Incorporate Fiber-Rich Foods

Add a side of leafy greens such as spinach or kale. These foods help slow down glucose absorption.

Include Healthy Fats

Pair your frittata with a small portion of avocado, which can help stabilize blood sugar levels by slowing digestion.

Choose Whole Grains

If you want to have some bread with your meal, opt for whole-grain or multigrain bread instead of white bread, as they have a gentler impact on blood sugar.

Add Protein

Consider including a lean protein source like grilled chicken or tofu on the side, as protein helps moderate blood sugar spikes.

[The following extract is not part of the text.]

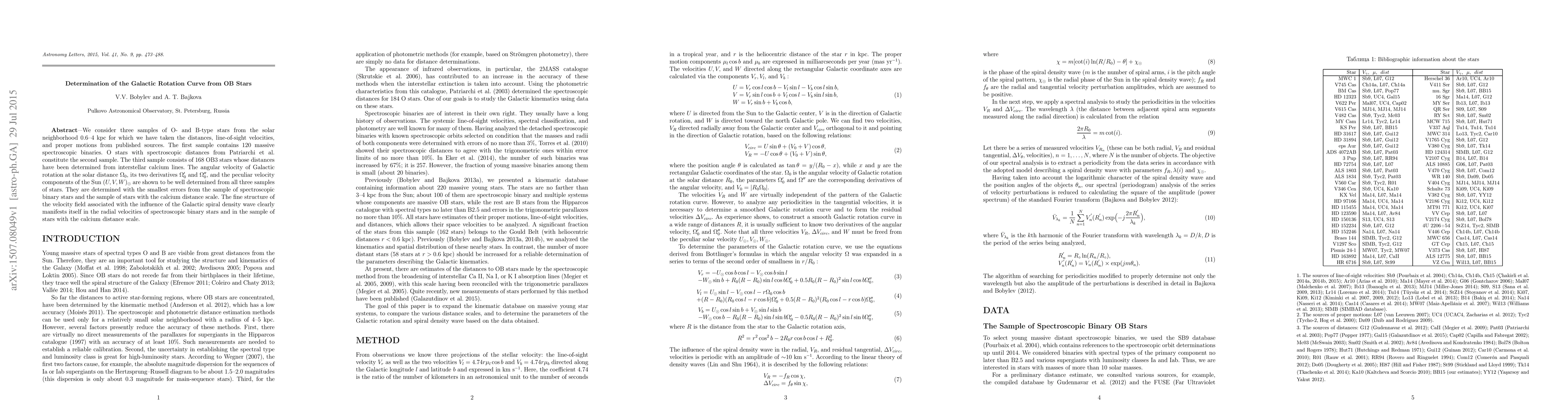We consider three samples of O- and B-type stars from the solar neighborhood 0.6--4 kpc for which we have taken the distances, line-of-sight velocities, and proper motions from published sources. The first sample contains 120 massive spectroscopic binaries. O stars with spectroscopic distances from Patriarchi et al. constitute the second sample. The third sample consists of 168 OB3 stars whose distances have been determined from interstellar calcium lines. The angular velocity of Galactic rotation at the solar distance $\Omega_0,$ its two derivatives $\Omega'_0$ and $\Omega"_0,$ and the peculiar velocity components of the Sun $(U,V,W)_\odot$ are shown to be well determined from all three samples of stars. They are determined with the smallest errors from the sample of spectroscopic binary stars and the sample of stars with the calcium distance scale. The fine structure of the velocity field associated with the influence of the Galactic spiral density wave clearly manifests itself in the radial velocities of spectroscopic binary stars and in the sample of stars with the calcium distance scale.

Drink Water or Unsweetened Beverages

Opt for water, herbal tea, or unsweetened drinks instead of sugary drinks, as they won't contribute to blood sugar spikes.

Portion Control

Be mindful of your portion sizes. Eating smaller, more frequent meals can help maintain stable blood sugar levels.

Include Nuts or Seeds

Snack on a small handful of almonds or chia seeds, which provide beneficial fats and help slow carbohydrate absorption.

Timing Matters

Spread your carb intake throughout the day rather than consuming a large amount in one sitting to help maintain consistent blood sugar levels.

Physical Activity

Consider taking a short walk after your meal. Light physical activity aids in utilizing glucose more efficiently.

Monitor Your Response

Pay attention to how your body reacts to different meals and make adjustments to your diet based on your personal experience and needs.